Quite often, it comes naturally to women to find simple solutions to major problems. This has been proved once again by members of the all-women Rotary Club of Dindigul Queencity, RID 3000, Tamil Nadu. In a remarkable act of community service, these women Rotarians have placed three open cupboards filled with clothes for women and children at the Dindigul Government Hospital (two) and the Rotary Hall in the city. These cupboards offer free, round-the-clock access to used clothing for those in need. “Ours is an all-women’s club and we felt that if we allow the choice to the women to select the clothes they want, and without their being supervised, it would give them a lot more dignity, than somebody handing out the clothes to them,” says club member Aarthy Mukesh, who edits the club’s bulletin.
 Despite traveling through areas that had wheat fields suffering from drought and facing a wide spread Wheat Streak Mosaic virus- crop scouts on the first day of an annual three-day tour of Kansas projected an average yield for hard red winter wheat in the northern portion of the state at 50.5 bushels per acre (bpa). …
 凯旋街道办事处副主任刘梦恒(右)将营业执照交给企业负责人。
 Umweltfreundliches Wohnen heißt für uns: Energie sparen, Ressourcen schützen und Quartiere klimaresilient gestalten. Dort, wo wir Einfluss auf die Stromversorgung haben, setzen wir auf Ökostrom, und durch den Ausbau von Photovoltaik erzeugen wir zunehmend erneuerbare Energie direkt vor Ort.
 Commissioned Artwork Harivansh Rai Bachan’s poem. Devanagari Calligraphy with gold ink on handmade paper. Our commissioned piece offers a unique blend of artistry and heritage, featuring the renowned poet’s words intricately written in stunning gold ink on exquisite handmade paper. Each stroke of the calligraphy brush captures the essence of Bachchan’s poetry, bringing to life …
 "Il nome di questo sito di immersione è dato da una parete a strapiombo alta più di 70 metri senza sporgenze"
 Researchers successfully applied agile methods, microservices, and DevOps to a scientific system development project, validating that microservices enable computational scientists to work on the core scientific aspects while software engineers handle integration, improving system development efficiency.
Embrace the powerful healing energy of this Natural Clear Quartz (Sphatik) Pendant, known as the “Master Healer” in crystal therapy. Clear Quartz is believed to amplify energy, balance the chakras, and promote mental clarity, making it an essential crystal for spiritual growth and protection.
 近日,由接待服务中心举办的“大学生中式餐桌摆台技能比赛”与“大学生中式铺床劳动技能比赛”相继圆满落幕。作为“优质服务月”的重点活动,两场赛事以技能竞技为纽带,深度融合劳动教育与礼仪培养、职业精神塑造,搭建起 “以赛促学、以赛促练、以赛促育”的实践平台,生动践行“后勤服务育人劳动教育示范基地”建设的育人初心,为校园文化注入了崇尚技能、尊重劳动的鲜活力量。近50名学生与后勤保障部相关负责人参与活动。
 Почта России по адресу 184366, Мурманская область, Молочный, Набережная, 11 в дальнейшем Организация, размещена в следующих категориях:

* Exercise prompt
Only the lines from the one containing "Embrace the powerful" through the final line above should be duplicated, exactly as they stand.

* Reply
Embrace the powerful healing energy of this Natural Clear Quartz (Sphatik) Pendant, known as the “Master Healer” in crystal therapy. Clear Quartz is believed to amplify energy, balance the chakras, and promote mental clarity, making it an essential crystal for spiritual growth and protection.
 近日,由接待服务中心举办的“大学生中式餐桌摆台技能比赛”与“大学生中式铺床劳动技能比赛”相继圆满落幕。作为“优质服务月”的重点活动,两场赛事以技能竞技为纽带,深度融合劳动教育与礼仪培养、职业精神塑造,搭建起 “以赛促学、以赛促练、以赛促育”的实践平台,生动践行“后勤服务育人劳动教育示范基地”建设的育人初心,为校园文化注入了崇尚技能、尊重劳动的鲜活力量。近50名学生与后勤保障部相关负责人参与活动。
 Почта России по адресу 184366, Мурманская область, Молочный, Набережная, 11 в дальнейшем Организация, размещена в следующих категориях:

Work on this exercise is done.